Der nahe, ferne Osten

Sehnsucht nach dem maroden Charme des Alltags Eine Welle von neuen deutschen Filmen spielt in sorgsam verwahrlosten Stadt- und Dorflandschaften Ostdeutschlands

Filme über ostdeutsche Verhältnisse sind anscheinend wieder in Mode. Vorbei die Zeiten, in denen die fiesen westdeutschen Kapitalisten einfielen und sich rege am Ausverkauf des Ostens beteiligten. Ostdeutschland wird als Kulisse neu entdeckt - so ist zumindest der Eindruck, wenn man sich die jüngsten Produktionen einmal näher anschaut.

Die Regisseurin Connie Walther kann allerdings die Frage, wie man als Westdeutsche dazu kommt, einen Film über die DDR zu machen, nicht mehr hören. Sie findet es schlicht ermüdend, wie immer noch zwischen Ost- und West-Regisseuren und einer anscheinend damit verbundenen thematischen Ausrichtung getrennt wird. Nach dem Motto: die Ostler beschäftigen sich mit ihrer Vergangenheitsaufarbeitung und die Westler bleiben gefälligst bei ihren Themen vor der eigenen Haustür.

In ihrem Film Feuer und Flamme zeichnet Walther das Erwachsenwerden in den beiden deutschen Staaten der achtziger Jahre nach. Eine verhinderte Ost-West-Liebesbeziehung zwischen einem West-Berliner Mädchen und dem Anführer einer Ost-Berliner Punkgang bilden den Rahmen für eine durchaus liebevoll erzählte und um Authentizität bemühte Geschichte.

Walther gesteht ein, dass es bei der Darstellung ostdeutscher Verhältnisse nicht immer leicht war, den richtigen Ton zu treffen. Allein die sprachlichen Unterschiede zwischen Ost und West stellten sie vor ungeahnte Schwierigkeiten. So holte man sich schließlich einen Co-Autor dazu, der die Punkbewegung selbst miterlebt hatte. Denn die feinen Unterschiede entscheiden letztlich darüber, ob sich der zeitgeschichtliche Hintergrund als glaubwürdige Kulisse in eine jugendliche Liebesgeschichte fügt.

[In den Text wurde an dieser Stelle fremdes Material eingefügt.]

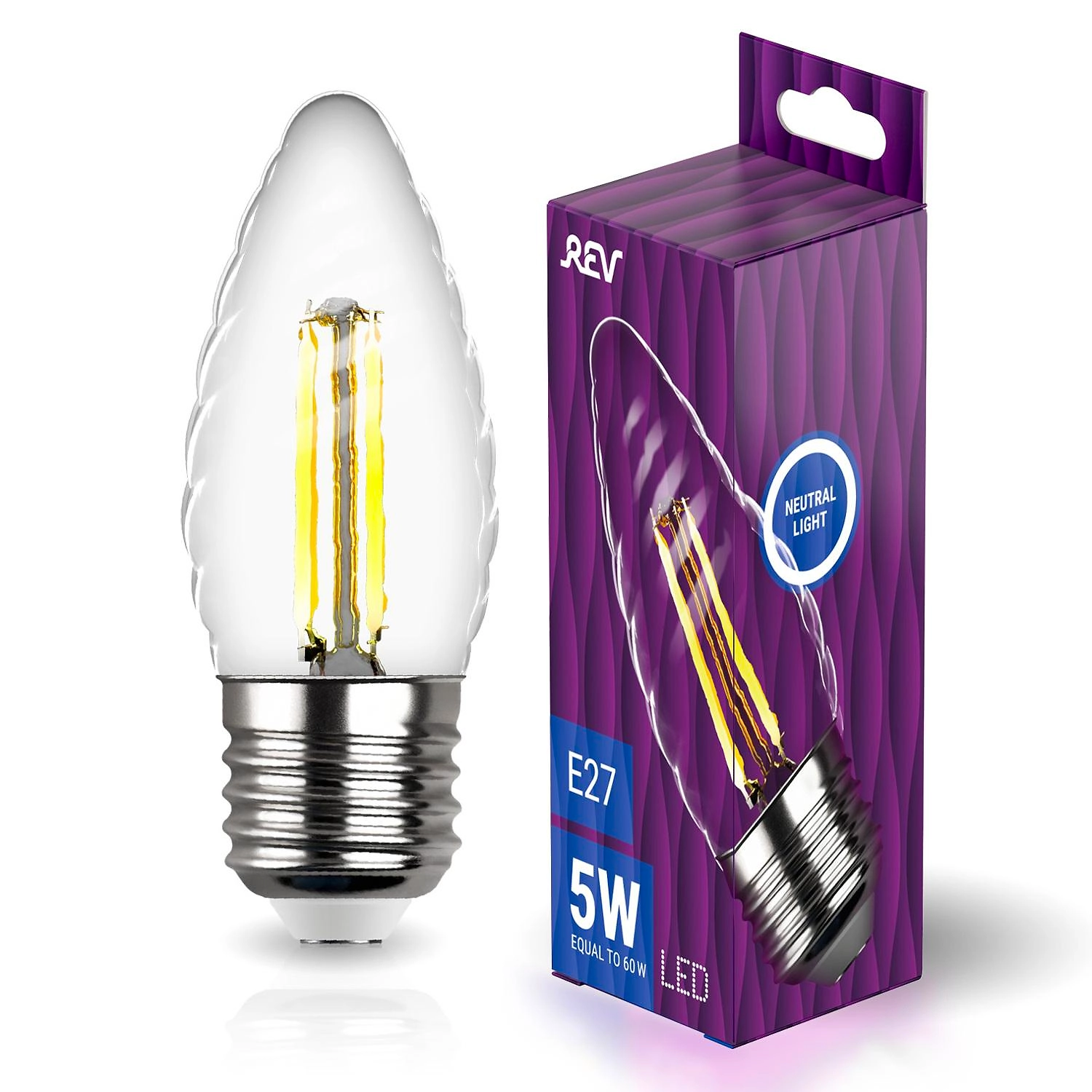 Светодиодная лампа REV E27 5 Вт филаментная 545 лм 4000 К витая свеча

Das gelingt nicht allen, die sich in ihren Filmen auf ostdeutsches Terrain trauen. Vergiss Amerika von Vanessa Jopp ist so ein Beispiel: ein kleines Liebesdrama über zwei Jungen, die sich in das gleiche Mädchen verlieben. Jopps Film könnte überall spielen, wo die Verhältnisse den Protagonisten irgendwann zu eng und zu klein werden. Als Kulisse dient hier die fast nostalgisch geratene ostdeutsche Kleinstadt, wobei man den Eindruck nicht los wird, dass sie nur deshalb gewählt wurde, weil sie einen angeblich unverbrauchten Hintergrund - zumindest für ein westdeutsches Publikum - abgibt. Und auch die Ausstattung verzichtet nicht auf die typischen Zutaten, mit denen eine »authentische« Ostkulisse angerichtet wird: Es fehlen weder die F6-Zigaretten rauchenden Jugendlichen noch der kleine Neonazi-Bruder. Eigentlich hat die Regisseurin Vanessa Jopp alles richtig gemacht - zumindest um einen Film-Preis zu ergattern. Dennoch ist gerade die ehrgeizige Bravour, mit der sie meistert, was heutzutage von Fördergremien, Drehbuchautoren und TV-Redakteuren verlangt wird, nur ein weiterer mustergültiger Aufguss von vermeintlich kommerziellen Kinostrategien. Der Osten bleibt dabei emblematische Kulisse.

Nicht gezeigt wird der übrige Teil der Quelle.